No braço e com polêmica: Lewis Hamilton vence a primeira do ano

Foi uma corrida daquelas, de tirar o fôlego. O GP do Barein, abertura da temporada 2021 da Fórmula 1, correspondeu a todas as expectativas criadas desde a pré-temporada da categoria, com uma disputa ferrenha pelo topo, com RBR e Mercedes na briga, e um equilíbrio muito forte para saber quem é a terceira força do ano – inclusive com um começo de reação da Ferrari após um ano terrível em 2020. Só uma coisa não mudou nesta primeira prova: o vencedor. Sir Lewis Hamilton foi ao alto do pódio pela 96ª vez na carreira. Mas as circunstâncias foram outras: com uma Mercedes ainda inferior à RBR, ele teve de segurar no braço o ataque de Max Verstappen nas voltas finais da corrida, mesmo com pneus 11 voltas mais velhos que os do holandês. Uma vitória daquelas.
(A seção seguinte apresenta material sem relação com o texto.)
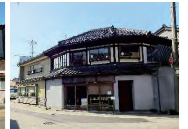
カフェ uchikawa 六角堂

Sobre a polêmica falaremos um pouco mais para a frente neste texto. Com uma RBR forte como há anos não se via, Verstappen marcou a pole com tranquilidade e dominou a primeira parte da corrida. Só que a Mercedes resolveu fazer o primeiro movimento estratégico da prova: chamou Hamilton para fazer seu pit stop já na 13ª volta, talvez tentando induzir a rival austríaca a adiantar a parada do holandês. Pensando no desgaste dos pneus e na tática para o restante da prova, a RBR manteve Verstappen na pista por mais quatro voltas e só fez a parada na volta seguinte à de Valtteri Bottas, companheiro do inglês, para evitar um duplo undercut (quando a equipe tenta ganhar a posição nos boxes chamando seu piloto antes do rival à frente para o pit stop). Com isso, a liderança acabou nas mãos de Hamilton.

Erro da RBR? Para mim, foi mais um acerto daqueles da Mercedes, confiando no talento do líder da equipe na pista. O carro de Verstappen talvez não conseguisse chegar ao fim da prova com um bom desempenho se fizesse uma parada tão precoce. Mas a equipe alemã corria o mesmo risco e apostou na enorme capacidade de Hamilton para gerir o desgaste dos pneus. Na segunda rodada de pit stops, o raciocínio foi o mesmo: o inglês foi chamado na volta 28, enquanto Verstappen alongou a janela até a 39, para ter condições de usar um jogo de duros novos em ritmo de classificação para tentar o último ataque pela vitória.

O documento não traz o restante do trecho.